Christmas tree baubles go modern and ethnic

21st December 2006, Comments 0 comments

21 December 2006, Georgensgmuend, Germany (dpa) In the past people decorated Christmas trees with apples and walnuts and the tradition would probably have remained unchanged, if not for a glass blower from Lauscha in eastern Germany.

21 December 2006

Georgensgmuend, Germany (dpa)  In the past people decorated Christmas trees with apples and walnuts and the tradition would probably have remained unchanged, if not for a glass blower from Lauscha in eastern Germany.

Due to a shortage of nuts and apples in 1847, a poor glass worker decided to make Christmas tree baubles from glass, at least according to local legend.

Today, no Christmas tree is complete without decorations and the classic red bauble has long since been surpassed by other colours, according to Thomas Boeck, sales director at the company Krebs & Sohn in Georgensgmuend in Bavaria.

"I think the trend this season is towards bright, multicoloured decorations," says Boeck.

There are also decorations in less conventional colours such as black and white.

"We're also surprised," says Jutta Baumann, an organizer of the Christmas World Trade Fair in Frankfurt. "Black is not the first colour people associate with Christmas decorations."

Monochrome Christmas tree baubles were inspired by fashion trends and while they may be unsuitable for family gatherings, "Young people who want something different and trendy buy them," says Baumann.

In addition to black with silver or gold decorations, there are also shrill pink or bright green baubles to choose from.

Anyone looking for something a little less eye-catching should try more homely variations such as the 'Alpine' Christmas tree balls in warm tones with glitter.

'Ethno Look' decorations target the same market. Baubles in dark, warm red or brown colours with African designs will probably be popular with a lot of people this season, Baumann believes.

"They're more versatile than classical Christmas tree decorations. They can be hung up in autumn and not just during the Christmas period," she says.

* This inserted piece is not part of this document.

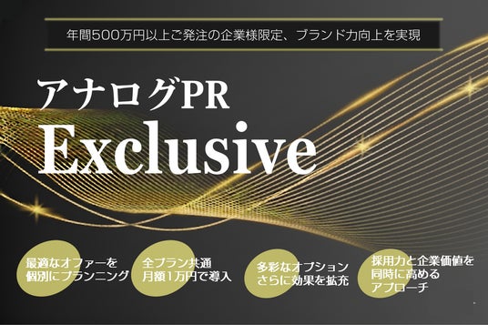 「企業の情報と印象をデザインする」をコンセプトに掲げ、メディアとWEBとオフラインを融合させたマーケティング戦略を提供する、株式会社アナログPR(本社:東京都港区、代表取締役:松浦啓介)は、新たなPRサービス「アナログPR Exclusive」を正式リリースいたします。本サービスは、弊社サービスを年間500万円以上ご発注いただいた企業様を対象に、月額1万円(12カ月契約)で多彩なPR支援を行う特別なオファーです。
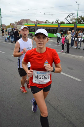 Start w maratonie poznańskim w miniony weekend uznam za mało udany. Zawaliłam na podbiegach, cóż kłania się siła biegowa i podbiegi.Muszę to koniecznie poprawić. Ogólnie biegło mi się dobrze ,mogę nawet śmiało powiedzieć ,,na zapasie sił,, a tylko do 28 km. Póżniej czułam po nogach ciężkość ,moje tempo było już nierówne. Na dodatek biegłam już sama.Starałam się utrzymywać równe tempo ,lecz profil trasy utrudniał to .Na 35 km wiedziałam już ,że nie zejdę poniżej 3.20,lecz nowa życiówka będzie na pewno. Z każdym kilometrem bliżej do mety wymijałam sporo ludzi .Widziałam jak niektórzy zmagają się ze skurczami ,niektórzy szli. Ja po cichu sama byłam trochę spanikowana .Moją głowę zaprzątała myśl czy dopadną mnie skurcze. Miałam dwa ukłucia w dwugłowe, na szczęście nie przeszkodziły mi w dalszym biegu.Ale niepewność pozostała do ostatnich metrów.Szczególnie gdy na ostatnim kilometrze przyspieszyłam , bo zobaczyłam dwie kobietki przede mną. Udało mi się je dogonić i z pełnym luzikiem wbiec na metę. Maraton ukończyłam w dobrej kondycji.Zajęłam w nim 596 ogólnie ,28 wśród kobiet i 3 miejsce w kat.40. Niestety organizator nie pomyślał o nagrodach dla zwycięzców w kategoriach.Dało mi to do myślenie. Moja decyzja . Przestaje biegać przez najbliższy czas maratony. ,,Gra niewarta świeczki,,.W sumie mam ukończone już 6 maratonów ,to na jakiś czas wystarczy .Nowa życiówka też na jakiś czas powinna wystarczyć 3.23.24.

The company Kaethe Wohlfahrt in Rothenburg ob der Tauber in Germany has specialized in Christmas decorations and accessories and have something to suit every taste and style.

"We have almost every shade of pink, light and dark-coloured balls, ice-blue-white balls combined with brown  we have everything," says a spokeswoman, Felicitas Hoeptner. They even have Christmas tree baubles decorated with gingerbread designs.

"However, we have decided not to stock black Christmas tree baubles," says Hoeptner.

Another big trend at the moment are decorations with plenty of glitter and beads in all shapes and sizes.

The birthplace of the Christmas tree bauble, Lauscha, is also following the latest trends in design. Krebs Glas Lauscha makes luxurious glass baubles and has brought out decorations in black, red and gold  the colours of the German national flag this year.

"Since the World Cup, the demand for those decorations has gone up. In the past, only Christmas trees in the US and Denmark tended to be decorated in their national colours but this year Germany is joining in," says Michael Krebs, manager of the family-owned firm.

High-quality and long-lasting glass baubles are expensive, though. "One glass bauble can cost between three and 20 euros," says Boeck.

A bauble with ornamentation can cost around 17 euros (23 dollars), says Eva Barth-Gillhaus, who represents a professional association of German home and house ware manufacturers. Some baubles can even cost 40, 50 or 60 euros each.

The Swedish furniture store, Ikea, has classic Christmas tree baubles and decorations shaped as birds or even shoes in pink and green. Interior designer Katharina Semling advises not to follow conventions slavishly.

"Everyone has their own taste. Christmas is a personal festival and nobody needs to stick to the trends."

Nevertheless, it is possible for things to go wrong when choosing tree decorations. "One mistake is to mix styles on the tree. Then people ask why nothing matches stylistically," she says.

Choosing a theme helps, she adds, "It's like writing an essay; you have to decide what you are going to write about before you start."